Carax assembled a fascinating cast for his first feature film in over a decade. Gnarly faced Lavant, who has appeared in all of the director’s previous films as well as gracing weird works by Veit Helmer, Harmony Korine and Veiko Õunpuu, was the obvious choice for the lead in the most ambitiously odd art film of the French calendar. The casting of Scob and Piccoli, who between them have worked with all of the great European Surrealist filmmakers of the past, from Franjou to Ferreri to Buñuel, is an equally obvious nod to Carax’ influences, one that positions Motors as the latest link in a long cinematic chain. Australian popstress Kylie Minogue immediately scores unexpected cool points by appearing in this project, while glamour girl Eva Mendes follows up her role in Herzog‘s Bad Lieutenant with this even weirder part. We definitely approve of the way her career is headed (even though her recent choices probably make her agent tear his hair out).
WHAT THE CRITICS SAY:
(This movie was nominated for review by “Dwarf Oscar,” who said it was “weird, weird, weird. You already guessed, I know that, but right now I’m making it official. For once, I’m pretty confident it’s going to make its way to the List…” . Suggest a weird movie of your own here.)
Here was my introduction to “Holy Motors.” I saw a banner ad for the movie on Rotten Tomatoes which featured the girl in the spandex outfit. That got me interested enough to look it up further. If you’ve seen the movie, that interest pays off in spades.

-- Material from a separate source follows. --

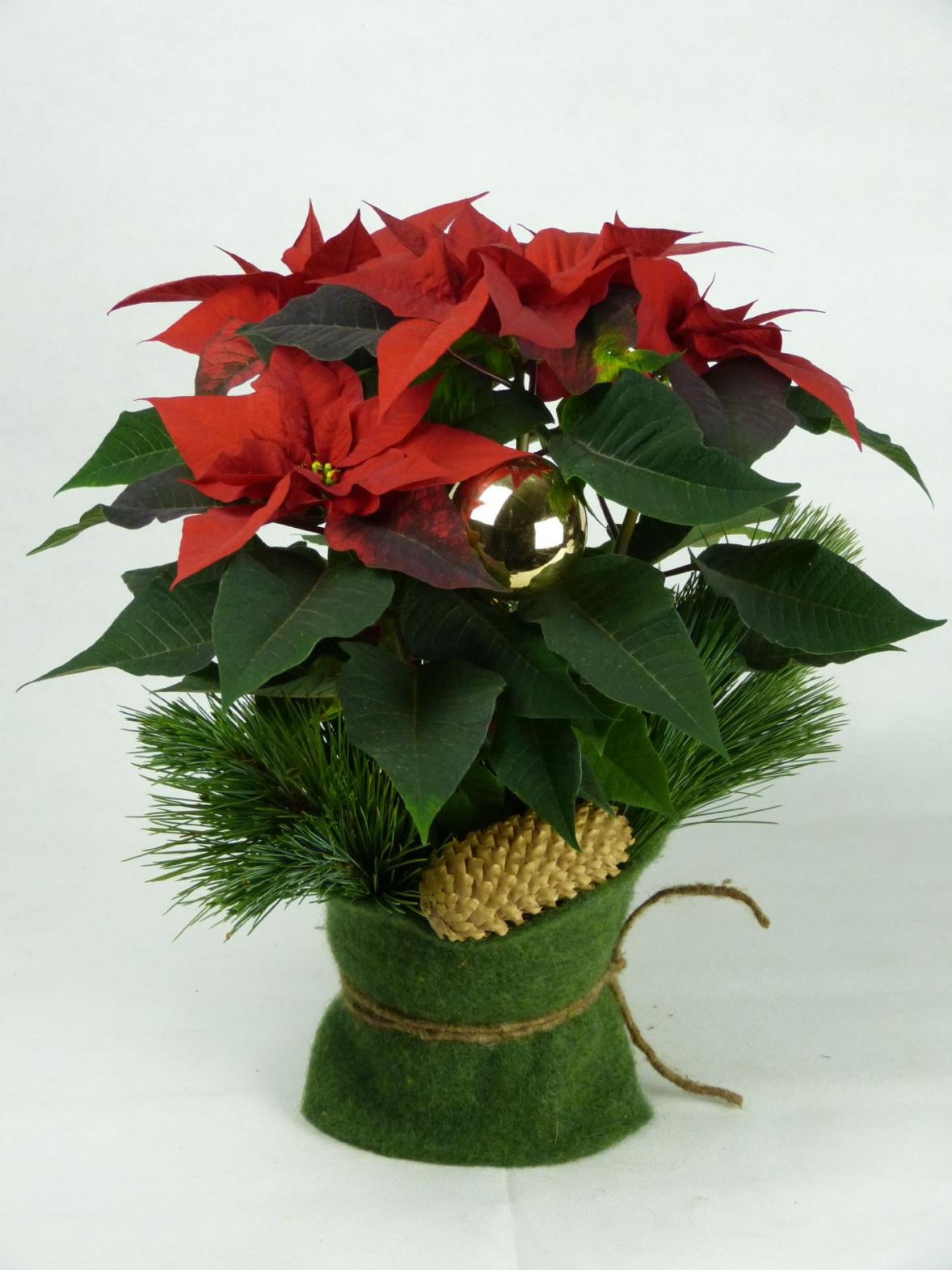 Weihnachtsstern in klassischen rot mit Kiefer, Kugel, Zapfen mit Filzmanschette

My second interest, after watching the trailer, was the inclusion of the actor Denis Lavant, who I recognized from one of the best music videos of the late ’90s, UNKLE’s “Rabbit in Your Headlights.” If you’ve seen the movie, that interest pays off in spades. The man acts his ass off in multiple complete transformations.
Sadly, the act of watching the actual movie did not pay off in actual spades, at least for me. (And what are these spades we’re talking about?) It’s a weird movie, which is good, but it only seems weird for no good reason.

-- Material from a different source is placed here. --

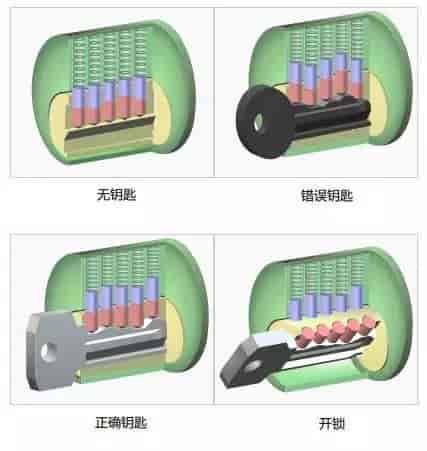 可以先看一下最常見的彈子鎖的結(jié)構(gòu):

Okay, it’s weird. But the heart of the movie seems to be an actor going from scene to scene and acting. There’s a part of the movie where it’s intimated that he is acting without cameras, because the cameras are now so small that nobody can see them. But acting a role nonetheless. That makes the weirdness fall away, and now the only thing the audience is left with is a series of performances. They were good, re: Denis Lavant, but who cares?
And that’s when the movie failed me. I never sensed that there was a coherent whole at work. Sure, some scenes were great, but that’s all they were. Scenes. The end with the talking cars was salt on the wound to me. Really? That was it?
I don’t know, there’s stuff to like. As I said, Denis Lavant is great, and if you’re prurient, the latex contortionist is something to see. But there’s no there there.